The story of an undead – Zombieland burned down

So that’s it. Out. The End. I’ve achieved everything. It hardly goes any higher. I made it to the top. “And now?” I sat at my desk, looked around my office and … felt nothing. And I did not for such a long time. Was that everything? Was it worth all the effort?

That’s exactly how I felt a few years ago. From a hierarchical point of view, I had achieved (almost) everything that was possible: I was the CEO of a large organization and for years I had reassured myself over and over again through every operational crisis and the daily madness, “This is YOUR dream, you do everything for it and make a lot of sacrifices…“ For a long time I thought that this was the way it was and that I just had to go through it… until? Yes, until when?

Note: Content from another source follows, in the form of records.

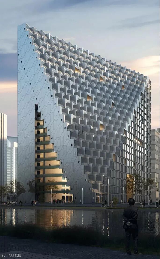 杭州未来新湖中心坐落在杭州未来科技城新科技中央商务区的核心,建筑包含两栋大楼,西侧是一栋106米高内含88米花园中庭的大楼,东侧则是144米高的塔楼。建筑形态如同指向云端的一座山峰,OMA 通过对建筑基本轮廓进行大胆的斜切处理,形成梯田状 loft 单元,也似玻璃构成的金字塔,因此得名“光棱”。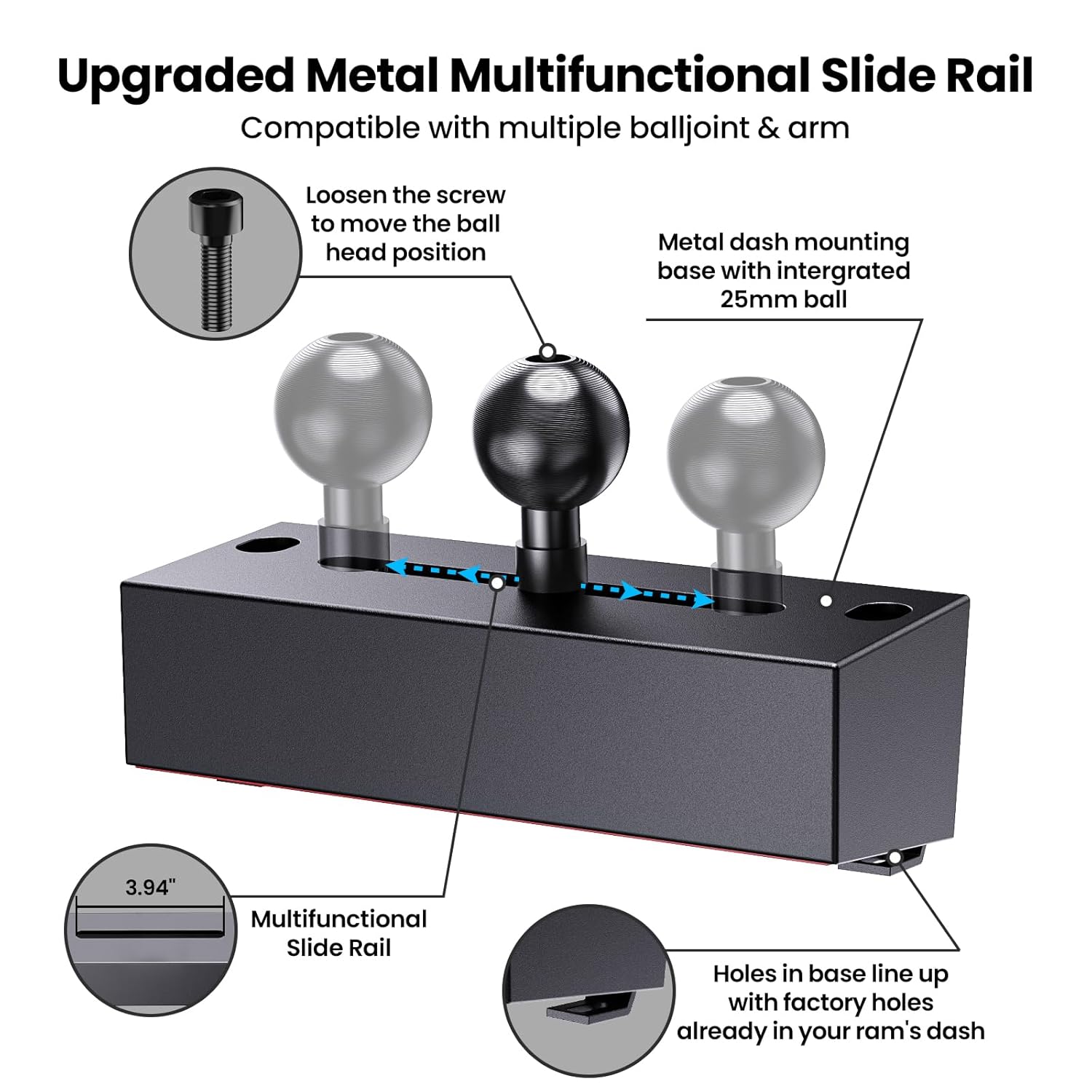 – Base Deslizante Multifuncional em Metal: Fabricado em liga de alumínio, o suporte oferece robustez e durabilidade, com uma instalação que pode ser realizada rapidamente.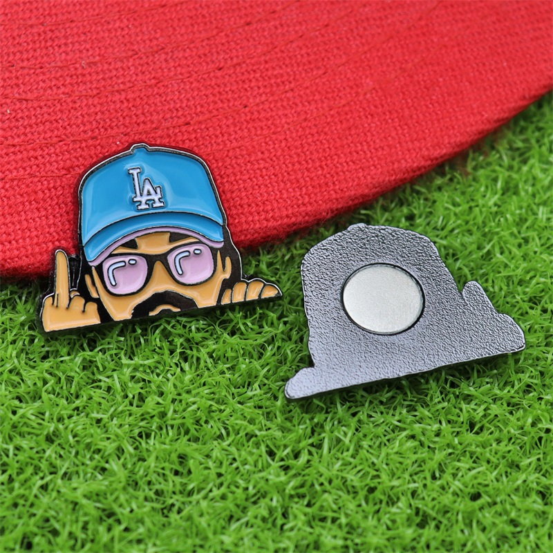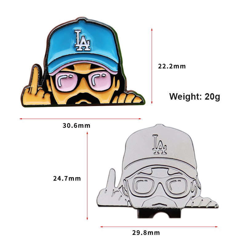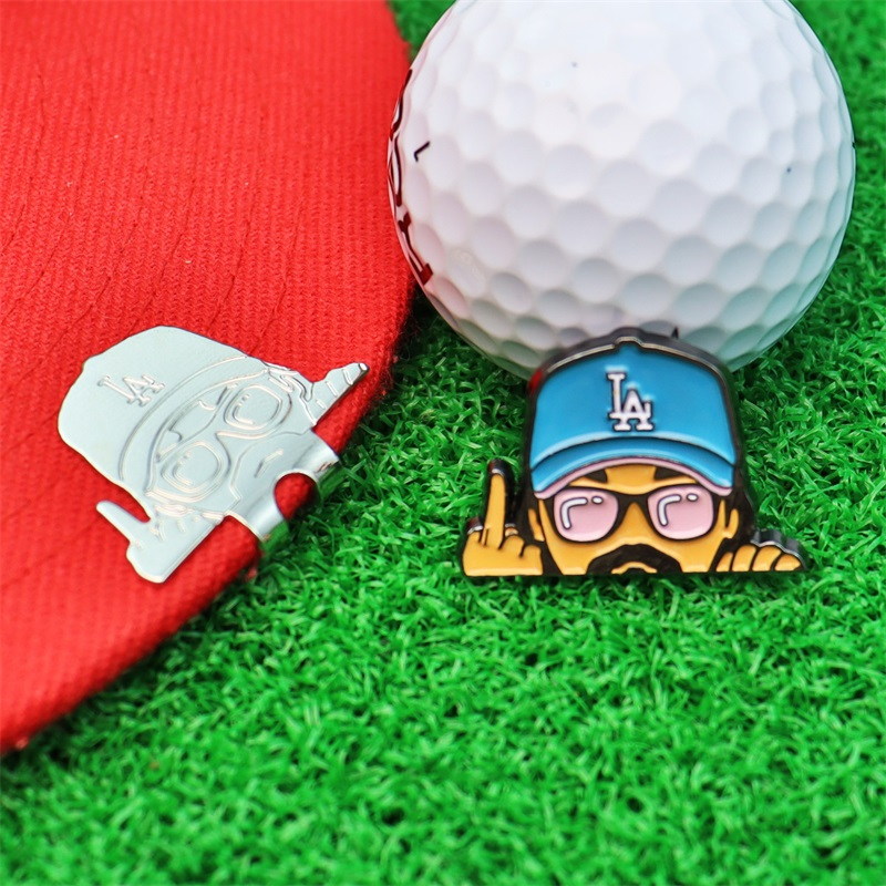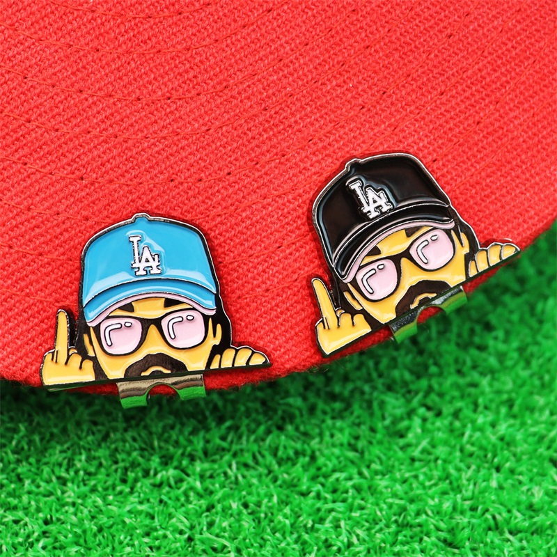 These hat clip markers feature character cutout shapes (with detailed facial features, LA cap accents, and playful hand gestures). Designs blend bold, glossy enamel colors (green, blue, black, brown) with a compact, clip-on structure—functional, eye-catching, and full of personality for golfers.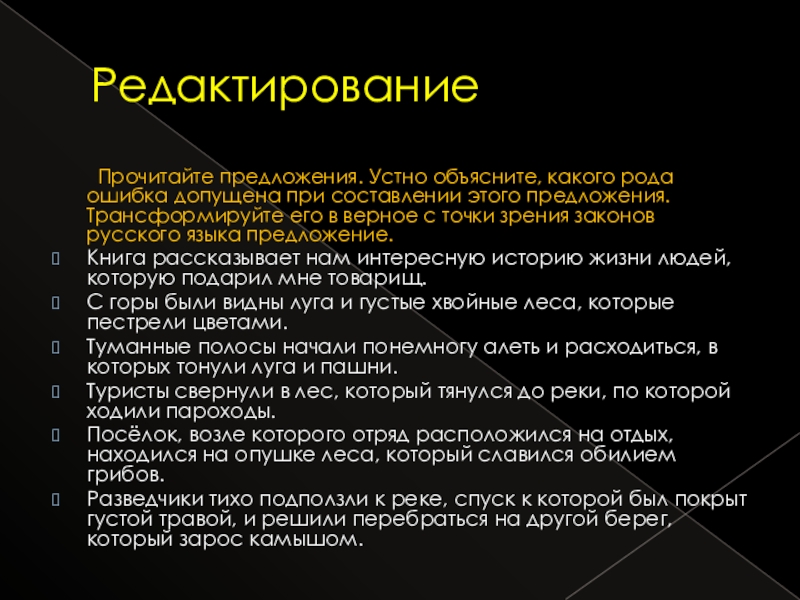 Редактирование     Прочитайте предложения. Устно объясните, какого рода ошибка допущена при составлении этого предложения.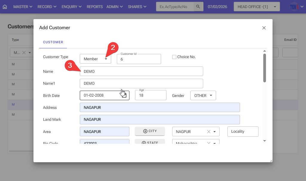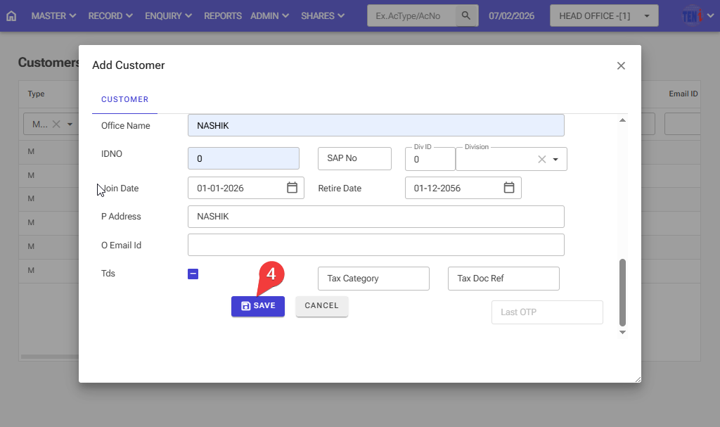Step 4: After filling in all the information, click on the Save button, and your customer account will be opened.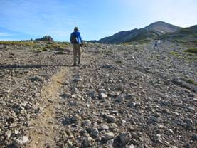 太郎平小屋へ向かう 14時55分 もったいない眺めを楽しみながら歩く。

I was worn out by the pressure that came from all sides, but also by the often short-term and frequently changing demands of the various stakeholders in the company, who kept shaping MY daily work. The job itself, which looked like the dream of my life from a distance, was characterized by boring routines, control of work processes and constant trouble shooting moments when viewed up close. I was constantly busy keeping the business running, but not moving it forward, because I had no more capacity for that. The creative freedom that I once had and that made the CEO position so attractive to me was gone. I exchanged it for short-term management of daily problems or dealing with the whims of the bosses and thus ruined the playground where I used to get so creative, had new ideas and drove innovative projects. I myself was constantly driven, extremely under operational stress and it had become lonely around me. To top it all off, I was bored with the routines.

And I know from many conversations that I am not alone with this feeling, but that many executives feel the same or similar.

At that time, the desire for fundamental change germinated in me, which I did not want to admit to myself for a long time. But my questions of meaning made it more and more difficult for me to cope with my tasks with passion. Was it all so desirable? The answer is very clear: no. What for? No money, no status and no power in the world is enough to compensate for all of this. Admitting that in that moment in time wasn’t easy. Leaving traditional paths takes a lot of courage and strength. I was able to muster that up when the pressure of suffering and my dissatisfaction grew and I just wanted to shout: “Stop! I want to set the course for myself again and not let others or the circumstances do it. ”It was an inner need of unspeakable greatness for freedom and therefore to be able to shape my reality again myself. A restart and re-navigation process was growing in me which led me out of the confines and into a new, best version of me, in the direction of my true greatness and purpose. It quickly became clear to me that this change would not be available for free. My own journey took me to the point where I am now and, based on my own experience, support other C-level executives to navigate their own development and to find new dimensions within their companies or other parts of our society. I know what it feels like to think you’re the only one who’s lonely and empty. But it is not true. There are many of us. And the good news is: it doesn’t have to stay that way, we ourselves can actively and self-determinedly shape our future in a positive and valuable way. Trust yourself!